# Instructions for the task
Starting at the line below that contains "12月の薬と健康セミナーは「睡眠と健康」についてお話しいたします。" and ending at the line that contains "부츠, 투명 소매, 치마", retype each line exactly as it stands, but omit the pictures.

☆ ☆ ☆ ☆ ☆ ☆ ☆

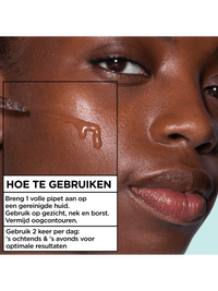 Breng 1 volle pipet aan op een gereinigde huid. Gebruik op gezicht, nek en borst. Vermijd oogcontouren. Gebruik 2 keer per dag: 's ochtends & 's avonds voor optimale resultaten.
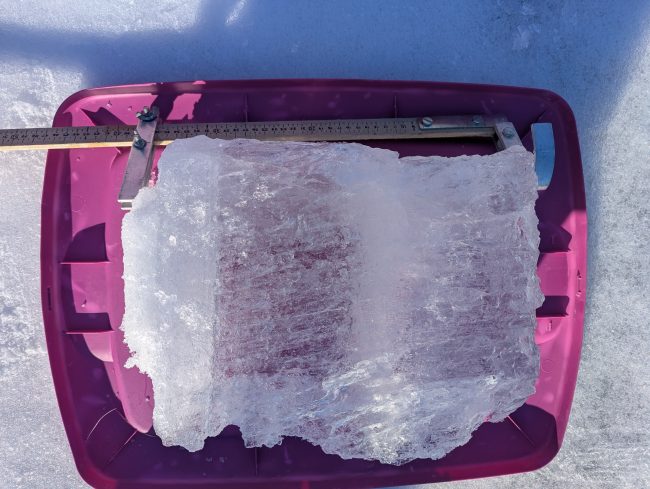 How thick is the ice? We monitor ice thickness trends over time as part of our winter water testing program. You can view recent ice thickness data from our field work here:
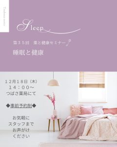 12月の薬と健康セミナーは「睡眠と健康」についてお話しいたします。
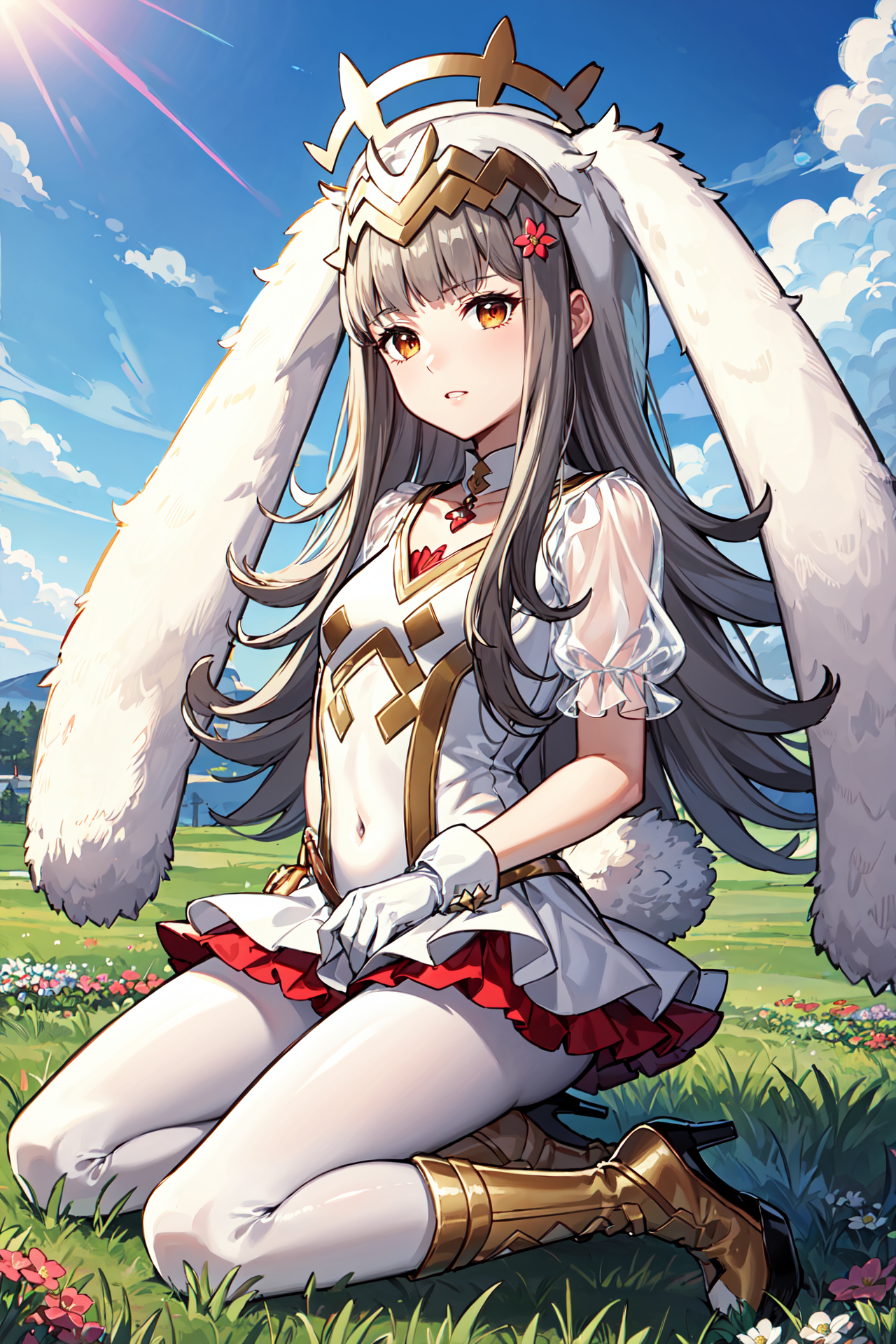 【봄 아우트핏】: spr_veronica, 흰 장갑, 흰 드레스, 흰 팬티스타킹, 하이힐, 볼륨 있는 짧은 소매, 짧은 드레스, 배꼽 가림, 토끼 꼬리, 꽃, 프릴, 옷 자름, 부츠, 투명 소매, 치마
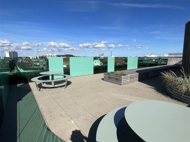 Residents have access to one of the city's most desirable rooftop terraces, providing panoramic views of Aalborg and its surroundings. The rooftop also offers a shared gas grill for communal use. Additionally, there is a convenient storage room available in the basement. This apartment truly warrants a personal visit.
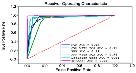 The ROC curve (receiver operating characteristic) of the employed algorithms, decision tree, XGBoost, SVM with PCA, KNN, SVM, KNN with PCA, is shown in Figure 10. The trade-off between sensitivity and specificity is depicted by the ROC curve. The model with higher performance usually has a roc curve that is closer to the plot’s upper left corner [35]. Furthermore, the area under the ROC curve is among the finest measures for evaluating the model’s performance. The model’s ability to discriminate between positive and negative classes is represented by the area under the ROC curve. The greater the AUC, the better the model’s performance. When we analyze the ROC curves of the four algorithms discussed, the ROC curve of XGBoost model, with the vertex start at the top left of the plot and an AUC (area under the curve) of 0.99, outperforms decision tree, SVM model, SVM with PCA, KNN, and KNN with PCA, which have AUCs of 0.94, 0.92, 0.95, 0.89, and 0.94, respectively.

☆ ☆ ☆ ☆ ☆ ☆ ☆

# Task solution
 12月の薬と健康セミナーは「睡眠と健康」についてお話しいたします。
 【봄 아우트핏】: spr_veronica, 흰 장갑, 흰 드레스, 흰 팬티스타킹, 하이힐, 볼륨 있는 짧은 소매, 짧은 드레스, 배꼽 가림, 토끼 꼬리, 꽃, 프릴, 옷 자름, 부츠, 투명 소매, 치마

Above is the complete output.